This PR replaces three divergent AI call patterns (Groq SDK, raw OpenAI fetch, Deepgram SDK) with a single OpenAI-compatible client abstraction in lib/ai-provider.ts, gated by six new optional env vars (AI_BASE_URL/KEY/MODEL, STT_BASE_URL/KEY/MODEL). Existing deployments using GROQ_API_KEY / OPENAI_API_KEY / DEEPGRAM_API_KEY are unaffected by default.

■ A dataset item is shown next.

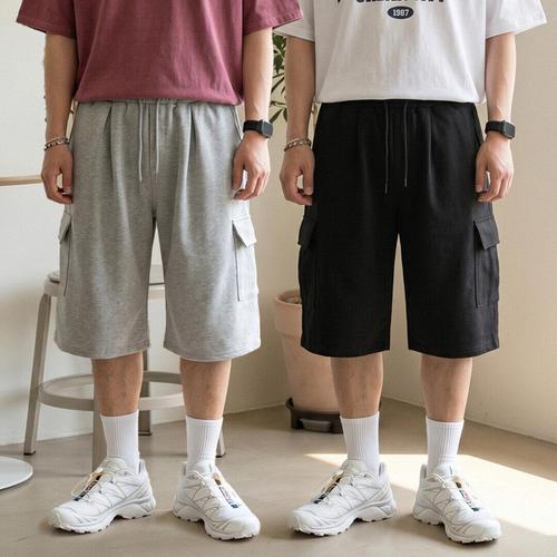 [쿼터]1+1 남자 핀턱 버뮤다 카고 팬츠 와이드 6부 7부 트레이닝 반바지
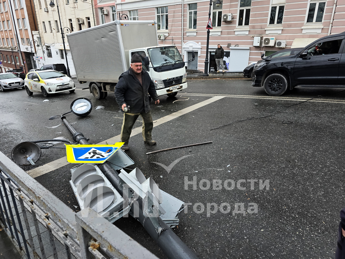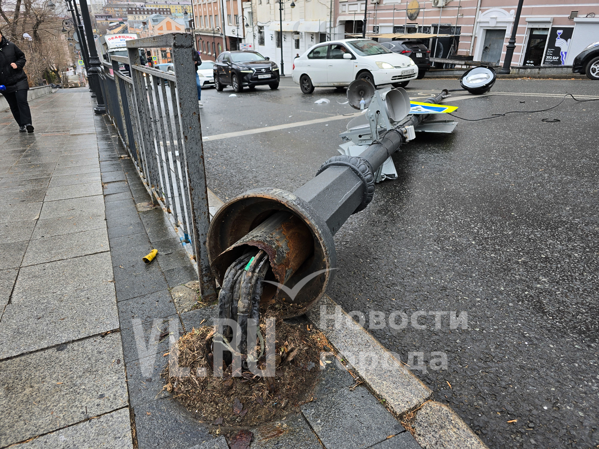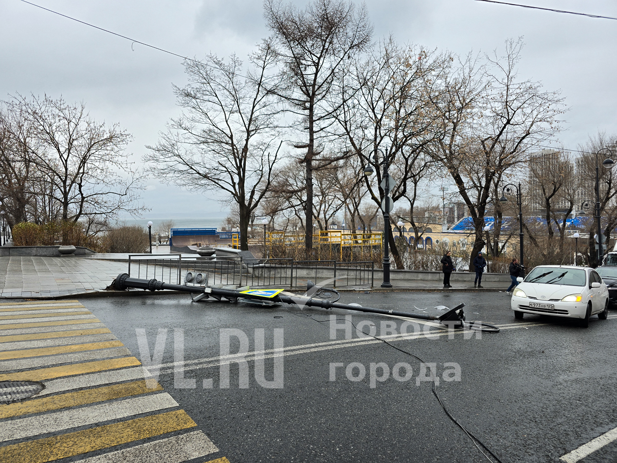 Обновление 10:51: Сильный ветер повалил фонарь на перекрёстке Пограничной и Светланской. Автомобили, поднимающиеся со стороны стадиона «Динамо», вынуждены объезжать его по встречной полосе. Здесь уже собралась пробка.

  • lib/ai-provider.ts — new singleton factory for chat and STT clients; priority order is AI_BASE_URL → Groq → OpenAI.
  • workflows/generate-ai.ts — removes the Groq→OpenAI automatic failover that previously recovered from Groq errors when OPENAI_API_KEY was also present.
  • workflows/transcribe.ts — adds an OpenAI-compatible STT branch that posts audio and receives WebVTT directly, bypassing the Deepgram formatter.
  • lib/messenger/agent.ts — the PR states this file was out of scope, but callGroq was replaced with callAiProvider using getAiClient(), meaning the support chatbot's last-resort fallback now routes through whatever provider AI_BASE_URL points to (e.g. a local Ollama instance).

Confidence Score: 3/5

Safe to merge for new self-hosted deployments; two unintended behavioral changes affect existing dual-key setups and the support chatbot routing.

Two issues need resolution before merge. First, workflows/generate-ai.ts silently drops the Groq→OpenAI failover — users with both keys set lose automatic recovery from Groq downtime. Second, lib/messenger/agent.ts was migrated despite the PR explicitly calling it out of scope, so the support chatbot's final fallback now routes through any AI_BASE_URL-configured provider (e.g. a local Ollama instance), which may produce unsuitable responses for a customer support context.

apps/web/workflows/generate-ai.ts (failover removal) and apps/web/lib/messenger/agent.ts (unintended migration of the support chatbot)

Important Files Changed

Filename Overview
apps/web/lib/ai-provider.ts New unified OpenAI-compatible client abstraction; module-level singletons work for production but could silently retain a stale client across test/dev reloads.
apps/web/lib/messenger/agent.ts callGroq renamed to callAiProvider and now routes through getAiClient() — contradicts the PR's "out of scope" statement and silently routes the support chatbot through any configured AI_BASE_URL provider.
apps/web/workflows/generate-ai.ts Migrated to unified client; removes the Groq→OpenAI automatic failover that existed for dual-key setups, making AI generation workflows non-resilient to provider errors.
apps/web/workflows/transcribe.ts Adds OpenAI-compatible STT path via transcribeViaSttProvider; the as unknown as string cast and VTT validation are functional but the cast rationale is undocumented.
packages/env/server.ts Adds 6 new optional env vars (AI_BASE_URL, AI_API_KEY, AI_MODEL, STT_BASE_URL, STT_API_KEY, STT_MODEL) with clear descriptions; all optional with no breaking schema changes.
apps/web/actions/videos/get-status.ts Widens trigger gates to accept STT_BASE_URL and AI_BASE_URL alongside legacy keys; straightforward additive guard changes.

Comments Outside Diff (2)

  1. apps/web/lib/messenger/agent.ts, line 168-191 (link)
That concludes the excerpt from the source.